Two more attributes to study, the Reported_Uncorrect doesn’t look so good:
ID# ATTRIBUTE_NAME FLAG VALUE WORST THRESH TYPE UPDATED RAW_VALUE
187 Reported_Uncorrect 0x0032 001 001 000 Old_age Always 120
195 Hardware_ECC_Recovered 0x001a 077 064 000 Old_age Always 45615178
Observation ATA Error Count was equal to 120, I’m assuming that is a correlation to the Reported_Uncorrect.
Hypothesis on the raw value 120 and ATA Error Count: I was trying different ways to diagnose and read the file with the error, producing more errors as a result.
To cite a 3rd party, blog on SMART stats in this case:
SMART 187: Reported_Uncorrect:
Backblaze uses this one. Number 187 reports the number of reads that could not be corrected using hardware ECC. Drives with zero uncorrectable errors hardly ever fail. This is one of the SMART stats we use to determine hard drive failure; once SMART 187 goes above zero, we schedule the drive for replacement.
This first chart shows the failure rates by number of errors. Because this is one of the attributes we use to decide whether a drive has failed, there has to be a strong correlation:
image.png
Backblaze replace disks that have a non zero for 187 Reported_Uncorrect which is the action I took.

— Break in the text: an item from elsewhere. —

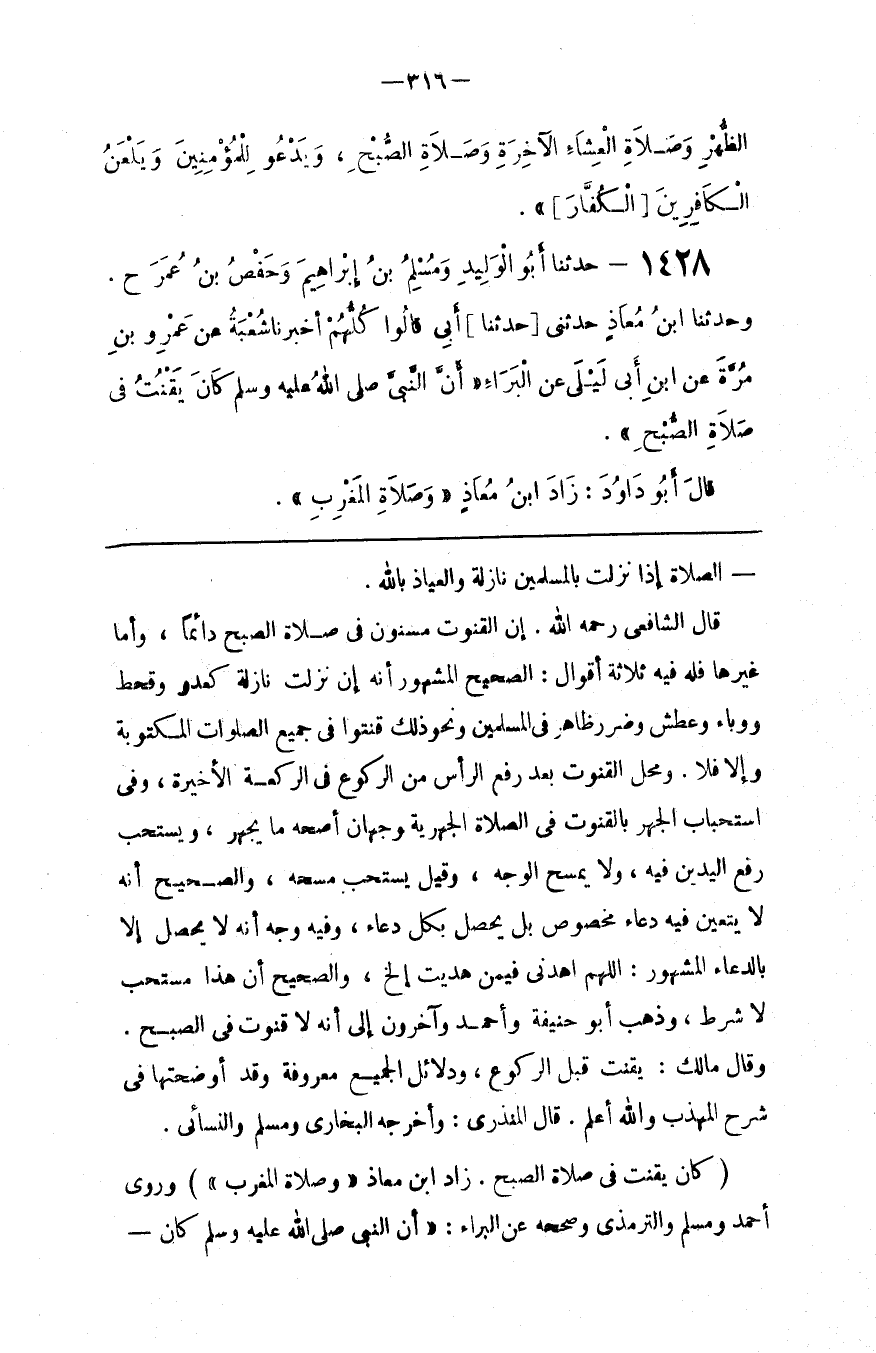 قَالَ الشَّافِعِيُّ رَحِمَهُ اللَّه : إِنَّ الْقُنُوت مَسْنُون فِي صَلَاة الصُّبْح دَائِمًا ، وَأَمَّا غَيْرهَا فَلَهُ فِيهِ ثَلَاثَة أَقْوَال : الصَّحِيح الْمَشْهُورُ أَنَّهُ إِنْ نَزَلَتْ نَازِلَة كَعَدُوٍّ وَقَحْط وَوَبَاء وَعَطَشٍ وَضَرَرٍ ظَاهِرٍ فِي الْمُسْلِمِينَ وَنَحْو ذَلِكَ قَنَتُوا فِي جَمِيع الصَّلَوَات الْمَكْتُوبَة وَإِلَّا فَلَا . وَمَحِلّ الْقُنُوت بَعْد رَفْع الرَّأْسِ مِنْ الرُّكُوع فِي الرَّكْعَة الْأَخِيرَة ، وَفِي اِسْتِحْبَاب الْجَهْرِ بِالْقُنُوتِ فِي الصَّلَاة الْجَهْرِيَّة وَجْهَانِ أَصَحُّهُ مَا يُجْهَرُ ، وَيُسْتَحَبُّ رَفْعُ الْيَدَيْنِ فِيهِ ، وَلَا يَمْسَحُ الْوَجْهَ ، وَقِيلَ يُسْتَحَبُّ مَسْحُهُ ، وَالصَّحِيح أَنَّهُ لَا يَتَعَيَّنُ فِيهِ دُعَاء مَخْصُوص بَلْ يَحْصُلُ بِكُلِّ دُعَاء ، وَفِيهِ وَجْهٌ أَنَّهُ لَا يَحْصُلُ إِلَّا بِالدُّعَاءِ الْمَشْهُور : اللَّهُمَّ اِهْدِنِي فِيمَنْ هَدَيْت إِلَخْ ، وَالصَّحِيح أَنَّ هَذَا مُسْتَحَبٌّ لَا شَرْط ، وَذَهَبَ أَبُو حَنِيفَة وَأَحْمَد وَآخَرُونَ إِلَى أَنَّهُ لَا قُنُوت فِي الصُّبْح . وَقَالَ مَالِك : يَقْنُتُ قَبْل الرُّكُوع ، وَدَلَائِل الْجَمِيع مَعْرُوفَة وَقَدْ أَوْضَحْتهَا فِي شَرْح الْمُهَذَّب وَاَللَّه أَعْلَم

However I’m still really curious about this disk real health status because once I fixed the file and did a full bytes rsync of the disk content the disk seemed fine and the long SMART self test was also fine...
As suggested in , I performed a ddrescue to check for issues, reading the full disk and writing to /dev/null and this ~14 hours of stress didn’t reveal anything:
root@viper:~# ddrescue -f /dev/disk/by-uuid/ef51ecbd-b57e-42c3-8e73-dc56fdab454b /dev/null /root/ef51ecbd-b57e-42c3-8e73-dc56fdab454b.ddrescue.log

GNU ddrescue 1.23
Press Ctrl-C to interrupt
ipos: 5000 GB, non-trimmed: 0 B, current rate: 12869 kB/s
opos: 5000 GB, non-scraped: 0 B, average rate: 103 MB/s
non-tried: 0 B, bad-sector: 0 B, error rate: 0 B/s
rescued: 5000 GB, bad areas: 0, run time: 13h 27m 34s
pct rescued: 100.00%, read errors: 0, remaining time: n/a
time since last successful read: n/a
Finished

root@viper:~# less /root/ef51ecbd-b57e-42c3-8e73-dc56fdab454b.ddrescue.log

I use dd to skip to the LBA with the reported UNC error and read the bytes:
Error 120 occurred at disk power-on lifetime: 25726 hours (1071 days + 22 hours)
When the command that caused the error occurred, the device was active or idle.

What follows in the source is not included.